5. Как ты знаешь, я всегда любил Марка Брута за его необычайный ум, приятнейший нрав, исключительную честность и постоянство. Тем не менее в мартовские иды[4846] к любви прибавилось столько, что я удивляюсь, что для увеличения было место в том, что мне уже давно казалось избыточным. Кто подумал бы, что к той любви, которую я испытывал к тебе, что-либо может прибавиться? Прибавилось столько, что мне кажется, будто я только теперь люблю, что ранее я питал расположение.
6. Итак, какое основание к тому, чтобы я советовал тебе служить достоинству и славе?

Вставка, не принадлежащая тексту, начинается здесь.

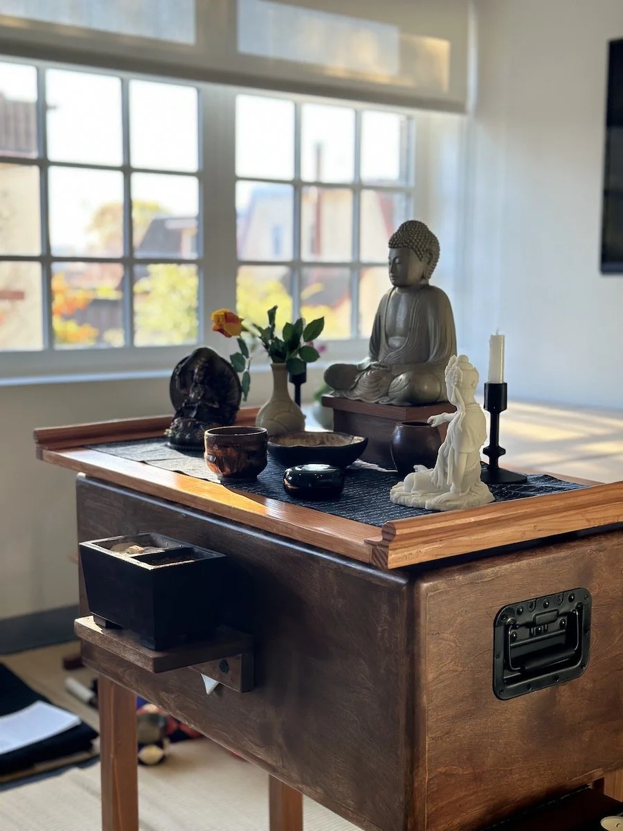 Therefore, even if only one person sits for a short time, because this zazen is one with all existence and completely permeates all time, it performs everlasting buddha guidance within the inexhaustible dharma world in the past, present and future. (Zazen) is equally the same practice and the same enlightenment for both the person sitting and for all dharmas. The melodious sound continues to resonate as it echoes, not only during sitting practice, but before and after striking sunyata, which continues endlessly before and after a hammer hits it. “ Master Dogen’s Zazen Meditation Handbook, translated by Shohaku Okumura and Taigen Dan Leighton
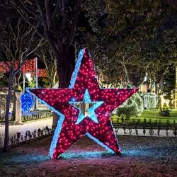 Park und Stadt machten mit ihrer üppigen Weihnachtsdekoration Lust auf eine Wiederholung des Besuchs, und zwar am Abend (erst dann soll hier so richtig das Leben einkehren!).
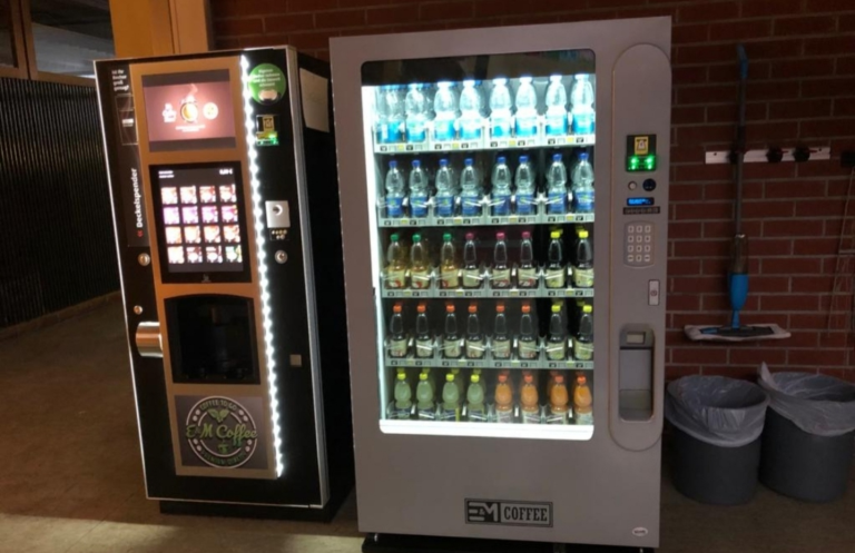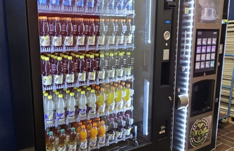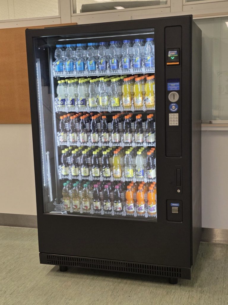 "Vendo G-Dink" ist ein Getränkeautomat, der sich durch eine besondere Ausgabe mit einem Roboterarm auszeichnet, der das Produkt schonend aus dem Fach holt und so einen "Fallmoment" vermeidet.

Чтобы я приводил в пример славных мужей, которые советуют то, что они обычно делают? У меня нет никого более славного, чем ты сам. Тебе надо подражать себе, состязаться с самим собой. После столь великих деяний тебе даже не дозволено не быть похожим на себя.
7. Раз это так, в советах нет необходимости; поздравление более уместно. Ведь ты достиг того (полагаю, этого никто не достиг), что чрезмерная суровость наказания[4847] не только не вызывает ненависти, но даже угодна народу и чрезвычайно приятна как всем честным, так и любому из черни. Если бы ты достиг этого в силу какой-то судьбы, я поздравил бы твою удачливость; но ты достиг благодаря величию и духа и ума, а также замысла. Ведь я прочел твою речь на народной сходке[4848]: ничего мудрее ее. Как твой подход к вопросу о событии, так и отход были произведены тобой так исподволь и постепенно, что сами обстоятельства, при общем согласии, предоставили тебе возможность своевременного наказания.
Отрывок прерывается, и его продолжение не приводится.